ABANDONED AT BIRTH Paints Vivid Portrait of the Detachment and Longing of an Adopted Child
(NewsUSA)
- It’s stunning to realize that only 10 states make birth records available to American-born adoptees and their biological parents. For adult adoptees born in the 20th century era of closed adoptions, this presents a painful obstacle to discovering their origins and ending the agonizing hunger to know their own identity.
Janet Sherlund poignantly captures this journey in her elegant and heart-wrenching memoir, ABANDONED AT BIRTH: Searching for the Arms That Once Held Me. Sherlund paints a vivid portrait of the detachment and longing of an adopted child and the lifelong quest to find her biological mother.
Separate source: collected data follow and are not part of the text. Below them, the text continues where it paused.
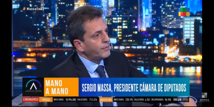 TV “No hay que ampliar la corte”, “Venezuela es una dictadura”, “volverá la movilidad jubilatoria por ley”, “Macri desprecia a los argentinos” y otras definiciones de Sergio Massa Radio7 de agosto de 20201 Minutos de lectura 06-08-2020 – Sergio Massa, Presidente de la Cámara de Diputados, habló mano a mano con Luis Novaresio en Animales Sueltos, mirá la nota: FacebookTwitter
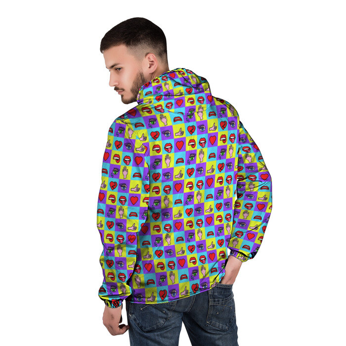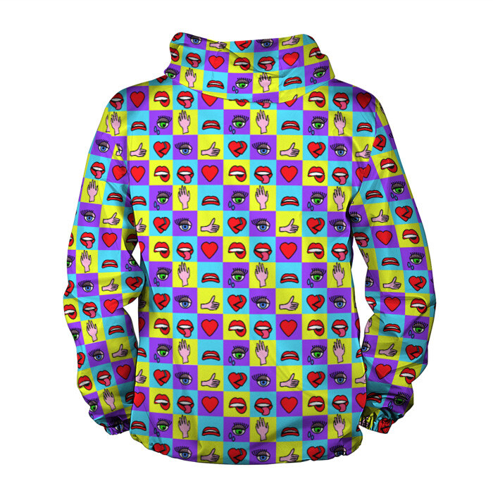 Свободная легкая ветровка с капюшоном, застегивается на молнию. Сшита из плотной ткани, по всей поверхности которой наносится принт. Можно заказать со своим дизайном.
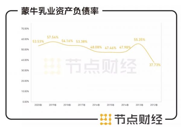 蒙牛的资产负债率,从上市之后的40%左右增加到2020上半年的60%,虽然2020全年的资产负债率有所回调,但是蒙牛手中仍有两项悬而未决的收购案(澳洲第二大乳企LLD和妙可蓝多),2021年注定还是要花钱。

It’s an unflinching examination of the grief and trauma caused by this primal separation and the dogged determination it takes to face the forces of opposition—both internal and external—to finally achieve answers.
ABANDONED AT BIRTH illuminates the darker side of adoption, and what it takes to heal. “I hope it starts conversations about the rights of those given away, loss and grief in adoption, the biology of belonging and identity, and why love is not always enough to extinguish the pain,” Sherlund says.
Like many adoptees of her generation, Sherlund was the offspring of teenaged parents. Her mother was forced to have her baby in secrecy. Sherlund would come to learn that her mother was unusual for her time. Not only did she not tell the father she was pregnant, she wanted nothing to do with her baby and never even looked at her newborn.
All Sherlund had to go on when she began her search was a false narrative written about her biological parents by the adoption agency. The twists and turns, setbacks and disappointments, and surprising familial connections finally achieved make ABANDONED AT BIRTH a page-turner of a memoir.
For Sherlund, who raised her family and served on nonprofit boards in education, health and the cultural arts before writing her memoir, her single most significant life event was being given up for adoption at birth. Being adopted undermined her sense of trust and personal value and impacted every decision she made. Her memoir fulfills a lifelong dream of raising awareness about loss and grief in adoption, and why it takes more than love to survive that trauma.
Says Jenifer Eckert, founder of Boston Post Adoption Resources, “Janet's book is a gift to anyone touched by adoption or wonders what it is like to be adopted. Her personal story of search and reunion is beautifully and honestly told. Through Janet's journey we get an intimate understanding of what it is like to finally discover your identity after years of wondering and searching.”